WHAT IS REQUIRED: Transcribe nothing except the lines below that run from the one with "Hoy la energía" to the one with "The North Face", ends included, and do not copy any picture.

RECORDS:
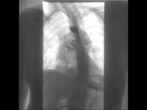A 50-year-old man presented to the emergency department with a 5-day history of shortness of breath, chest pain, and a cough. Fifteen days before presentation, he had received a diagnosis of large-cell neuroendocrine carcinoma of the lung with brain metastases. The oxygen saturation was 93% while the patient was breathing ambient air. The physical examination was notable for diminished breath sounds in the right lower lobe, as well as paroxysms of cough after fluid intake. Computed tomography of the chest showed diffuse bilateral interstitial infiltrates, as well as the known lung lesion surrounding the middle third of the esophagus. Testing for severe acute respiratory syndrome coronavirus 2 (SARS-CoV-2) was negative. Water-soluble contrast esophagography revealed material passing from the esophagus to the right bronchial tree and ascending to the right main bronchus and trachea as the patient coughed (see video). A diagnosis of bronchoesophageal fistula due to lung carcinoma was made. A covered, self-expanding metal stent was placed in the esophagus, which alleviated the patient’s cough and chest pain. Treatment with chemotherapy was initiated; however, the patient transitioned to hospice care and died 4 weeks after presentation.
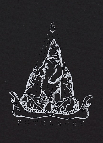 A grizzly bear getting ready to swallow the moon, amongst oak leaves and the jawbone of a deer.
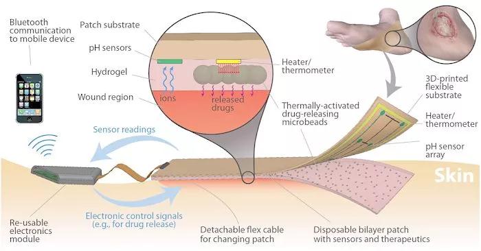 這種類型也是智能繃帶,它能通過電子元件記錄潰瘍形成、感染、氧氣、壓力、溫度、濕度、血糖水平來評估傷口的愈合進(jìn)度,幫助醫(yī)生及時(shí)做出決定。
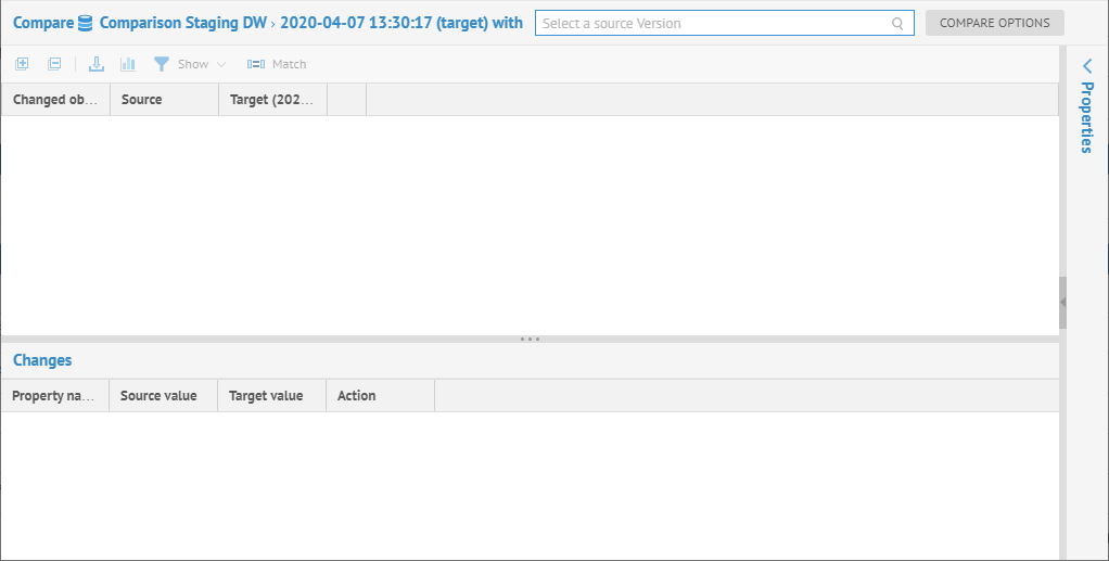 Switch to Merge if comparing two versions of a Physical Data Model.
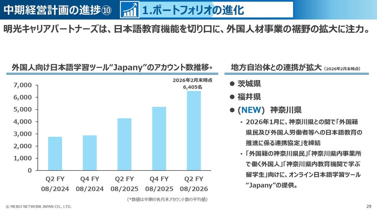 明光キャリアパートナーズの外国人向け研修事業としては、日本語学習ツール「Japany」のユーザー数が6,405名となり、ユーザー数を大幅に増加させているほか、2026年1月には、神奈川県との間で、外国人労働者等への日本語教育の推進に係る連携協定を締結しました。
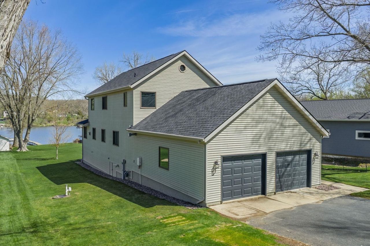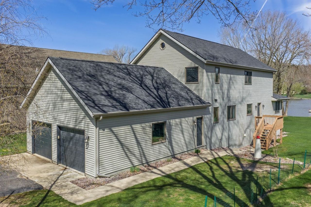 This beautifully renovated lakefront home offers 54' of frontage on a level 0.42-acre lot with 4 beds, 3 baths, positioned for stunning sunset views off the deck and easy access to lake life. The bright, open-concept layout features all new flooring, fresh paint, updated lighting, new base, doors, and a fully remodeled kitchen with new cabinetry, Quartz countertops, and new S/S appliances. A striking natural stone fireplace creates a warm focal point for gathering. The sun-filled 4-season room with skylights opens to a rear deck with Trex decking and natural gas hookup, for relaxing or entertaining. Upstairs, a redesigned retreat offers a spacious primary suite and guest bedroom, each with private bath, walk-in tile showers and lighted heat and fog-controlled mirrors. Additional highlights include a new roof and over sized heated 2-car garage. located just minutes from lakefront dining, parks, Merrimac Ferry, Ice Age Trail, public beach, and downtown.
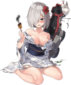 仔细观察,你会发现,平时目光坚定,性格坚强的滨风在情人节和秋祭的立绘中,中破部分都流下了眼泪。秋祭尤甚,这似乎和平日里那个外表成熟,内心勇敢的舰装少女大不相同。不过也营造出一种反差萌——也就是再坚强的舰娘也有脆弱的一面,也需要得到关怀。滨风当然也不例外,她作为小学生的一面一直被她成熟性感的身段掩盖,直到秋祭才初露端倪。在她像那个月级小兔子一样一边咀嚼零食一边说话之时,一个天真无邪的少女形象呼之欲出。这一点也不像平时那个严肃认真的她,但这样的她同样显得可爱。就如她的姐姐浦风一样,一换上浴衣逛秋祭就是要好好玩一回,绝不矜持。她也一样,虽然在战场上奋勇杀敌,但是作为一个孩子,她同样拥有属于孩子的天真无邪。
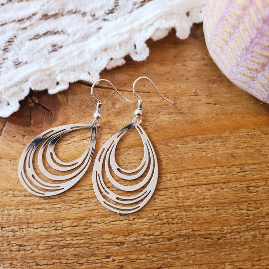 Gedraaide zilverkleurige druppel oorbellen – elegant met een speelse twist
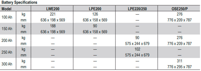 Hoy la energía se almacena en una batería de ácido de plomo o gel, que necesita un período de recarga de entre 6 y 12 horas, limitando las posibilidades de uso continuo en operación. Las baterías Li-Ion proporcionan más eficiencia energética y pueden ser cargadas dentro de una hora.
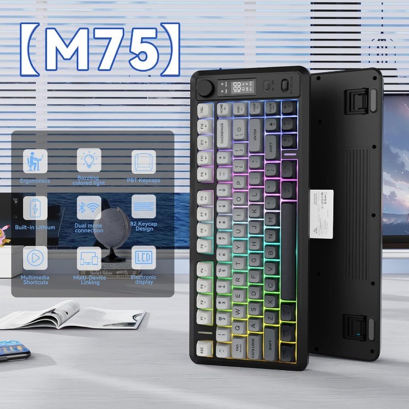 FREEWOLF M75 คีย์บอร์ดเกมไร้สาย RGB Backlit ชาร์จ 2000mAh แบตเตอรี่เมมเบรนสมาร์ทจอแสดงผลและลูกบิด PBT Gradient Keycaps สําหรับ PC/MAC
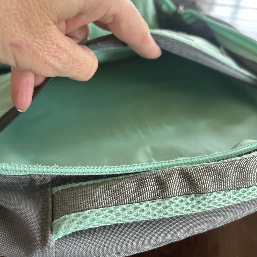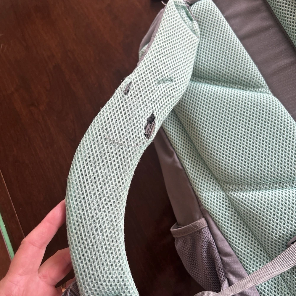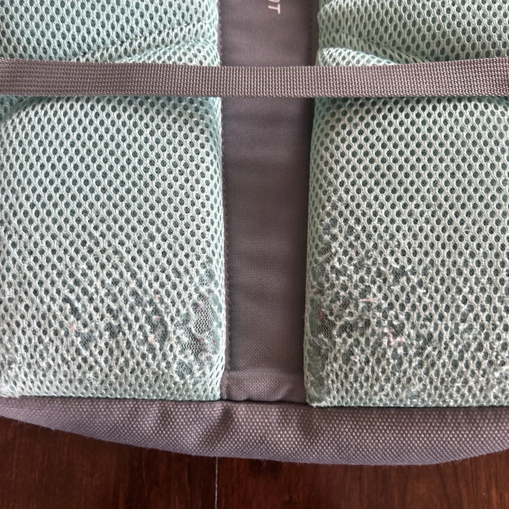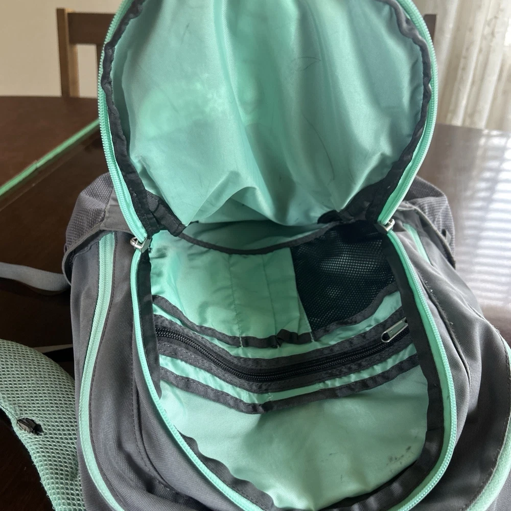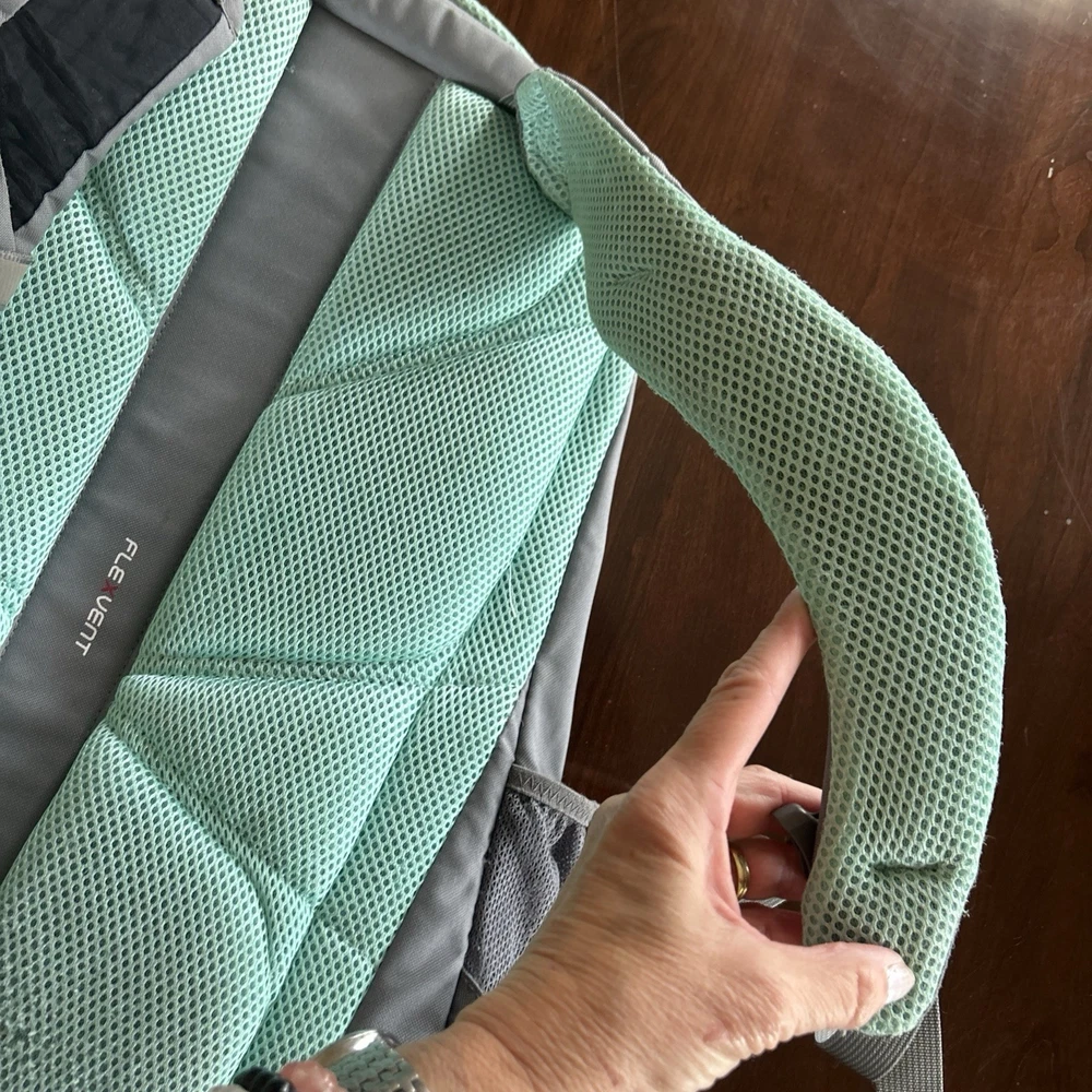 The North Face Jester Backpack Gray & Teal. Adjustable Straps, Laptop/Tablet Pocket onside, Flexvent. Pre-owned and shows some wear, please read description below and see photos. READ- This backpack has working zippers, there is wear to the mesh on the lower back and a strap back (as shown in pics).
==
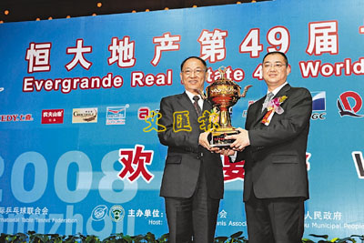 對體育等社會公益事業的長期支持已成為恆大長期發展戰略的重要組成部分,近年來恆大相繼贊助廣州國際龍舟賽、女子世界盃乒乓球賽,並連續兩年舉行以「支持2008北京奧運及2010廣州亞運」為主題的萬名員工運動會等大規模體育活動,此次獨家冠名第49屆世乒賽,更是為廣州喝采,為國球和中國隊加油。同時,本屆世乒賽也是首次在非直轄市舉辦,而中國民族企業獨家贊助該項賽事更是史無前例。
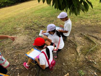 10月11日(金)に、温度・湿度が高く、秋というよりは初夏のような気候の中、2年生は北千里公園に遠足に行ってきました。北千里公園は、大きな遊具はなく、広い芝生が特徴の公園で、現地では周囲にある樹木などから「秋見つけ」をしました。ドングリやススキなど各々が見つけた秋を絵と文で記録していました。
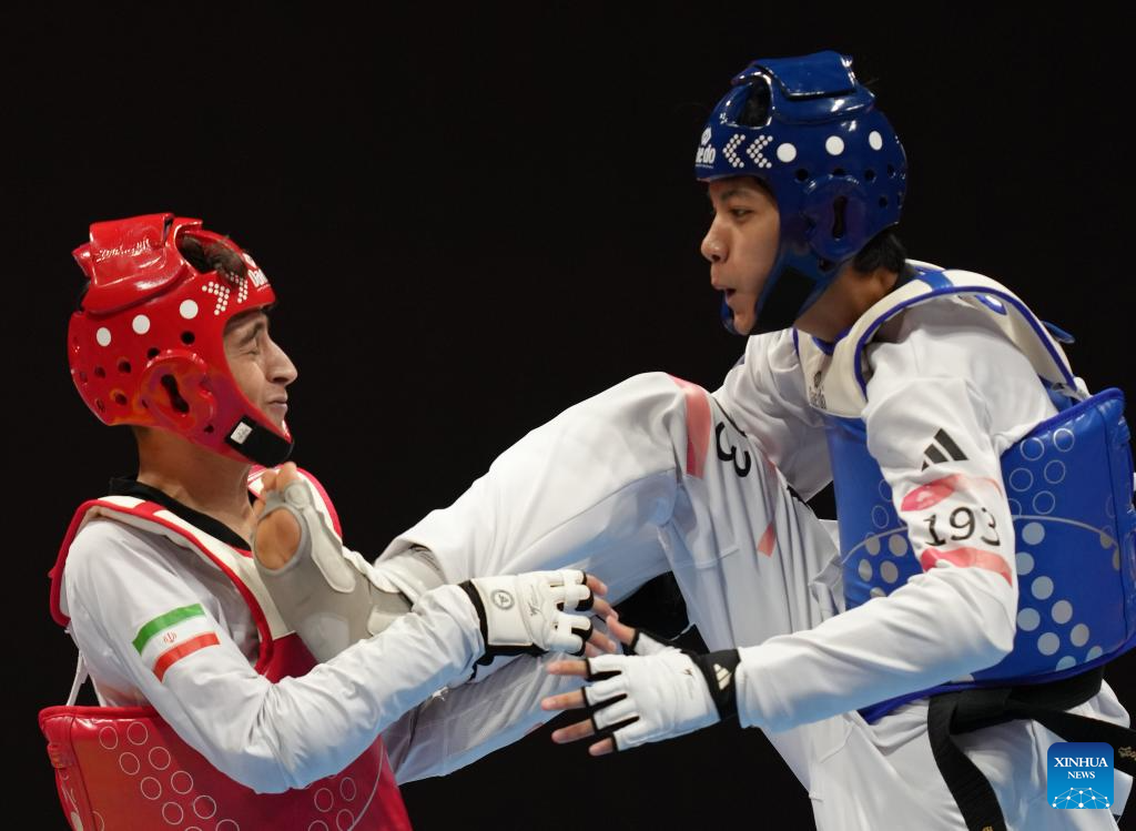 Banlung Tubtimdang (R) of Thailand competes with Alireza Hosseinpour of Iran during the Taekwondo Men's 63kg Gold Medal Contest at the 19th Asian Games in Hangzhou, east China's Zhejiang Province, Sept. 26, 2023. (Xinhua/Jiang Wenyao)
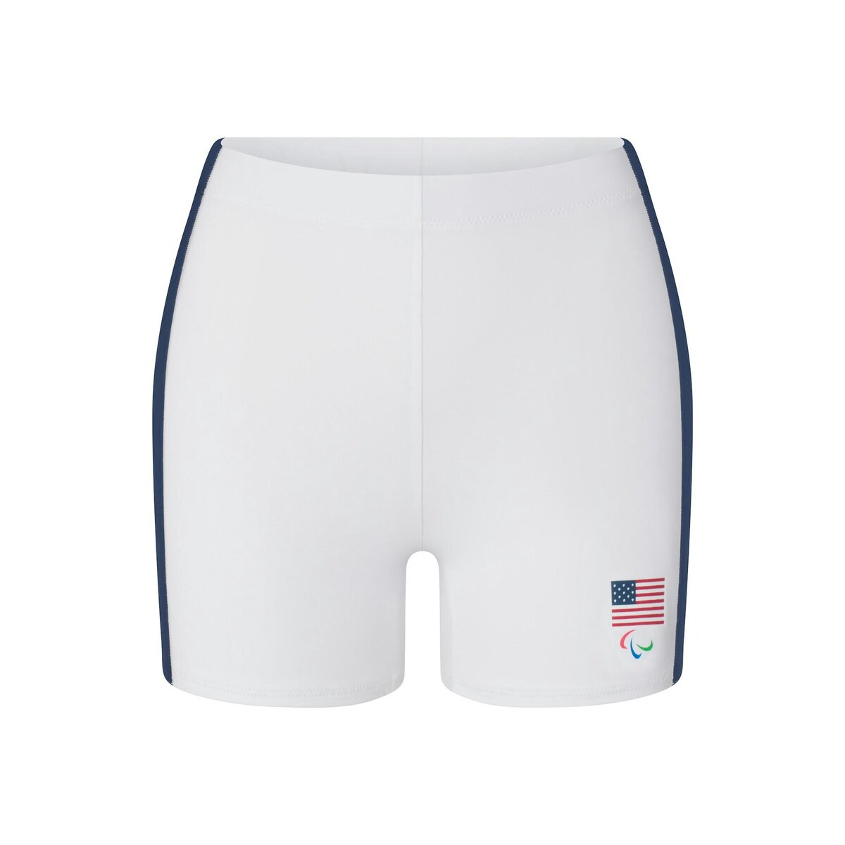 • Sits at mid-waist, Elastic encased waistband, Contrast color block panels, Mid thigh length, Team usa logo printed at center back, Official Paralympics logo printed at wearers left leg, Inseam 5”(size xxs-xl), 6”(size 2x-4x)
==
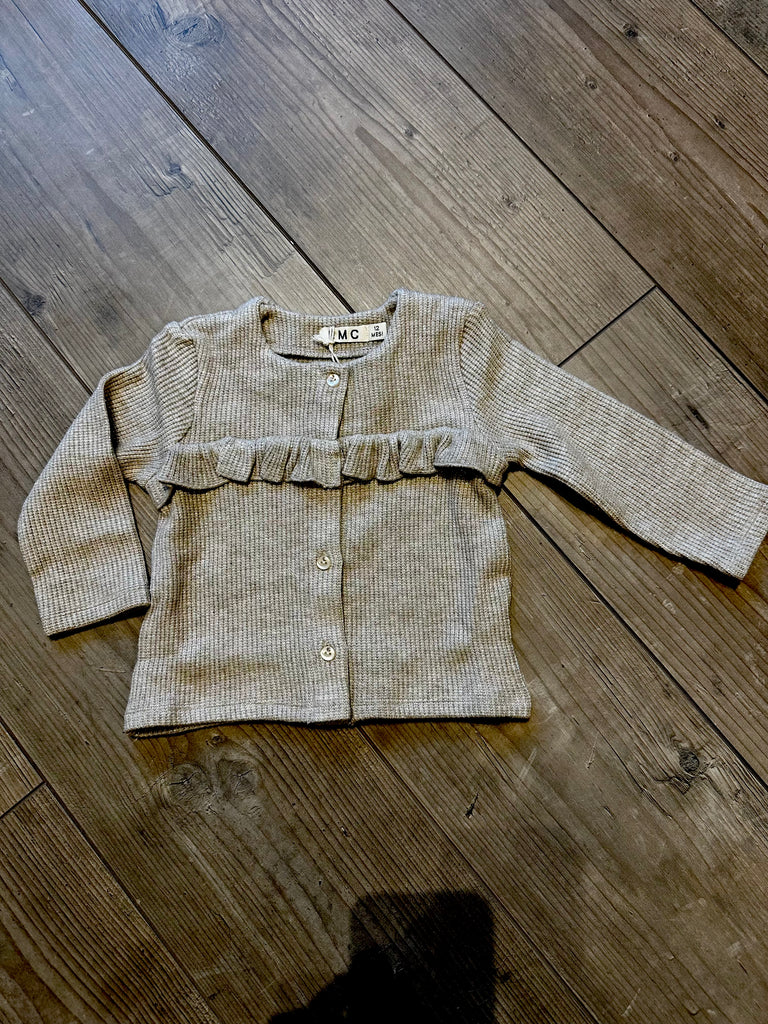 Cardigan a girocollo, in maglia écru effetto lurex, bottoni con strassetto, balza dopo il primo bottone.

EXERCISE OUTPUT:
 Hoy la energía se almacena en una batería de ácido de plomo o gel, que necesita un período de recarga de entre 6 y 12 horas, limitando las posibilidades de uso continuo en operación. Las baterías Li-Ion proporcionan más eficiencia energética y pueden ser cargadas dentro de una hora.
 FREEWOLF M75 คีย์บอร์ดเกมไร้สาย RGB Backlit ชาร์จ 2000mAh แบตเตอรี่เมมเบรนสมาร์ทจอแสดงผลและลูกบิด PBT Gradient Keycaps สําหรับ PC/MAC
 The North Face Jester Backpack Gray & Teal. Adjustable Straps, Laptop/Tablet Pocket onside, Flexvent. Pre-owned and shows some wear, please read description below and see photos. READ- This backpack has working zippers, there is wear to the mesh on the lower back and a strap back (as shown in pics).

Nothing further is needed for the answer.